**ABOUT THIS EXERCISE**: In the data below, find the line with "aeroshell on Mars. |" and the line with "11月26日上午,黔南抽水蓄", then restate both and every line between them exactly, minus the pictures.

**DATA FOR ANALYSIS**:
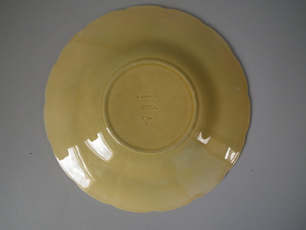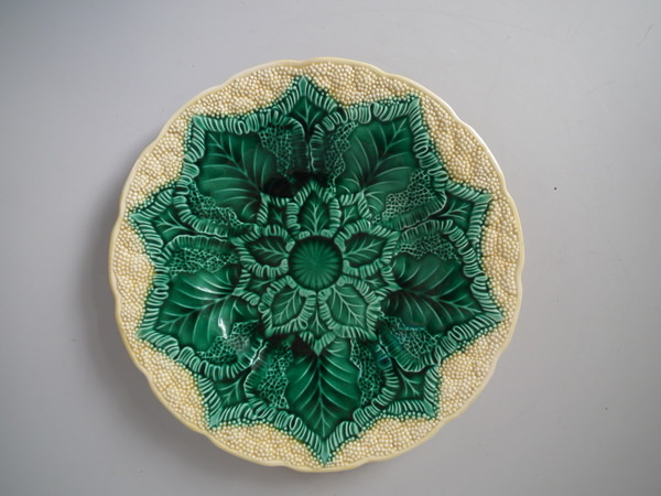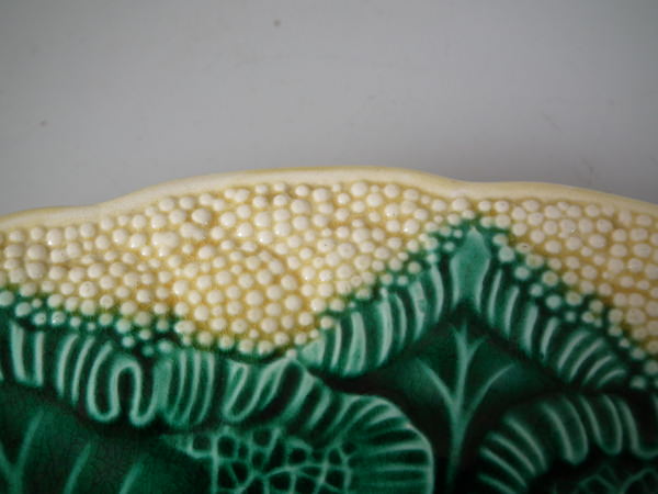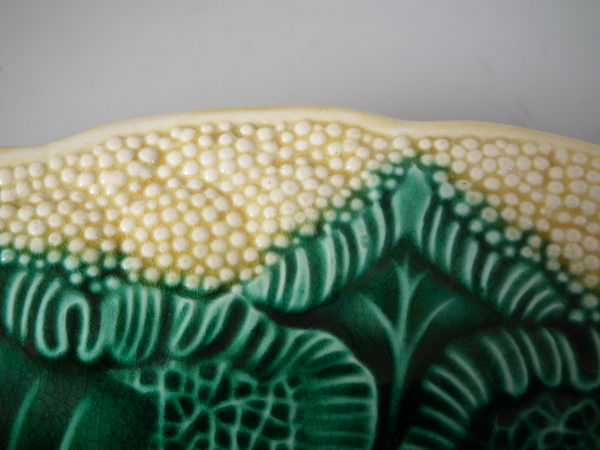 Early to mid 20thC, circa 1936. 9.1ins high, 9.1ins wide, 1ins depth. Wedgwood Majolica plate which features cauliflower leaves on a cauliflower textured ground.
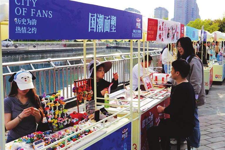 歌迷市集作为活动打卡点之一,三大非遗代表性项目尽显三晋匠心。山西肖像剪纸摊位前,传承人指尖翻飞,一把剪刀在红纸上游走,寥寥数刀就剪出歌迷专属人像;晋作国潮面塑展台旁,彩色面团经揉捏塑型,化作可爱玩偶、经典形象,引得围观歌迷连连惊叹;糖画摊位热气氤氲,匠人以勺为笔、融糖为墨,转瞬画出龙凤、小动物,甜香四溢,勾起满满童年回忆。文创好物类也独具特色,煤炭文创潮玩硬核别致,古建文创摆件浓缩千年匠艺,成为歌迷争相购买的伴手礼。
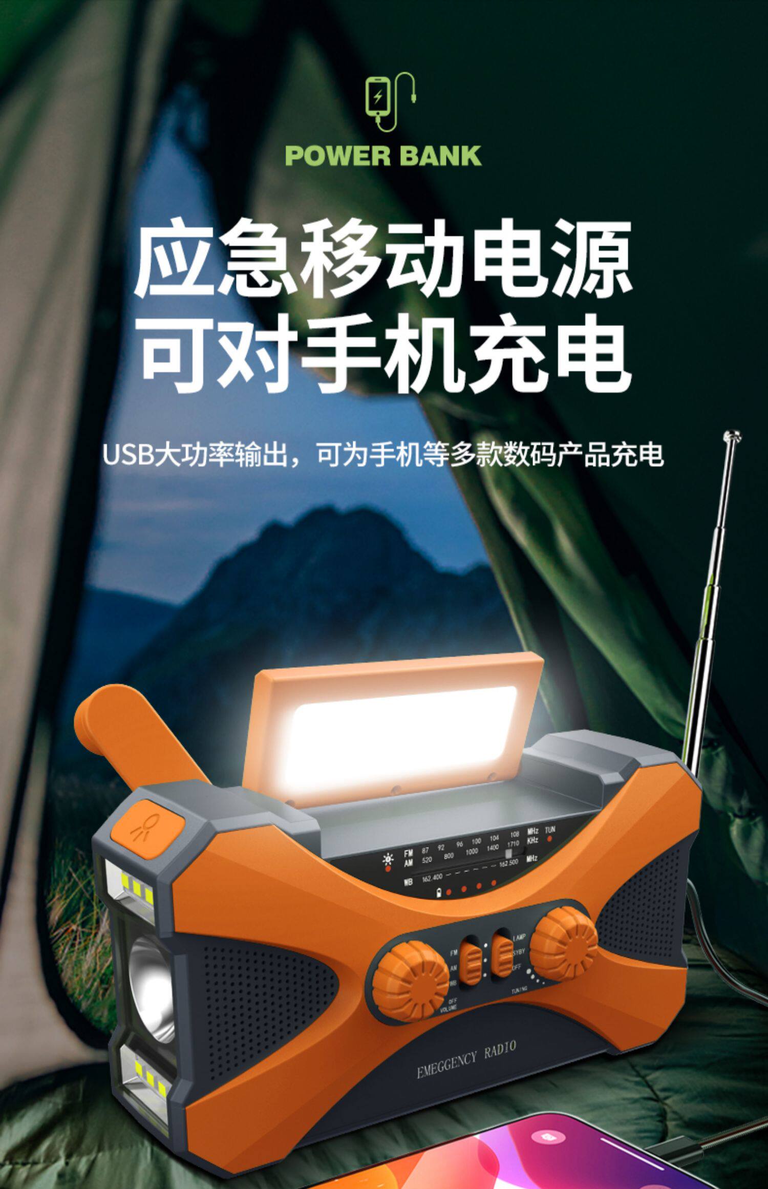 Универсальный портативный дорожный фонарь на солнечной энергии, генерирование электричества
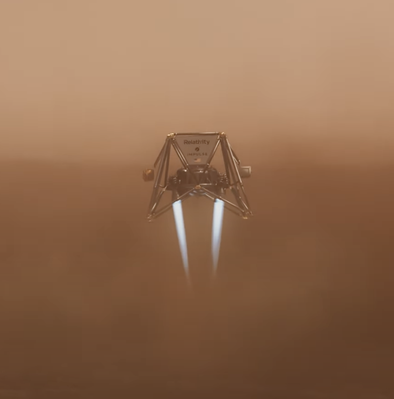| Relativity Space’s lander descending after having separated from its hypersonic aeroshell on Mars. |
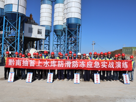 11月26日上午,黔南抽水蓄能电站上水库项目组织开展2025年度防滑防冻实战演练。本次演练以“模拟持续低温导致路面结冰、交通中断”为情景,全面检验应急预案可行性、应急队伍响应速度及物资装备保障能力。
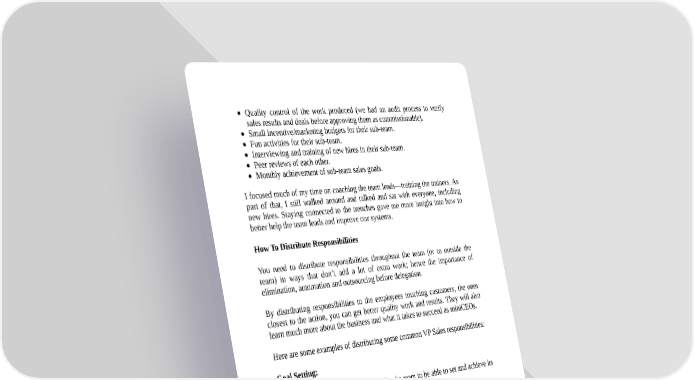 Quality control of the work produced (we had an audit process to verify sales results and deals before approving them as commissionable). Small incentive/marketing budgets for their sub-team. Fun activities for their sub-team. Interviewing and training of new hires in their sub-team. Peer reviews of each other. Monthly achievement of sub-team sales goals. I focused much of my time on coaching the team leads—training the trainers. As part of that, I still walked around and talked and sat with everyone, including new hires. Staying connected to the trenches gave me more insight into how to better help the team leads and improve our systems. How To Distribute Responsibilities You need to distribute responsibilities throughout the team (or to outside the team) in ways that don’t add a lot of extra work; hence the importance of elimination, automation and outsourcing before delegation. By distributing responsibilities to the employees touching customers, the ones closest to the action, you can get better quality work and results. They will also learn much more about the business and what it takes to succeed as miniCEOs. Here are some examples of distributing some common VP Sales responsibilities: Goal Setting: What conditions would have to exist for the team to be able to set and achieve its own goals better than before? 80/20 rule: How much of the goals-setting process isn’t that important? Do you really need to set and track 15 goals? What are the 20% of the goals that matter the most? What if you have a “Goals Setting Lead” on the team to be the point person to manage the process, both within the team and with the CEO? Do you need a separate “Quota Beating Lead” to monitor and report on the teams overall progress each month, and flag areas of concern?

**RESULT BELOW**:
| Relativity Space’s lander descending after having separated from its hypersonic aeroshell on Mars. |
 11月26日上午,黔南抽水蓄能电站上水库项目组织开展2025年度防滑防冻实战演练。本次演练以“模拟持续低温导致路面结冰、交通中断”为情景,全面检验应急预案可行性、应急队伍响应速度及物资装备保障能力。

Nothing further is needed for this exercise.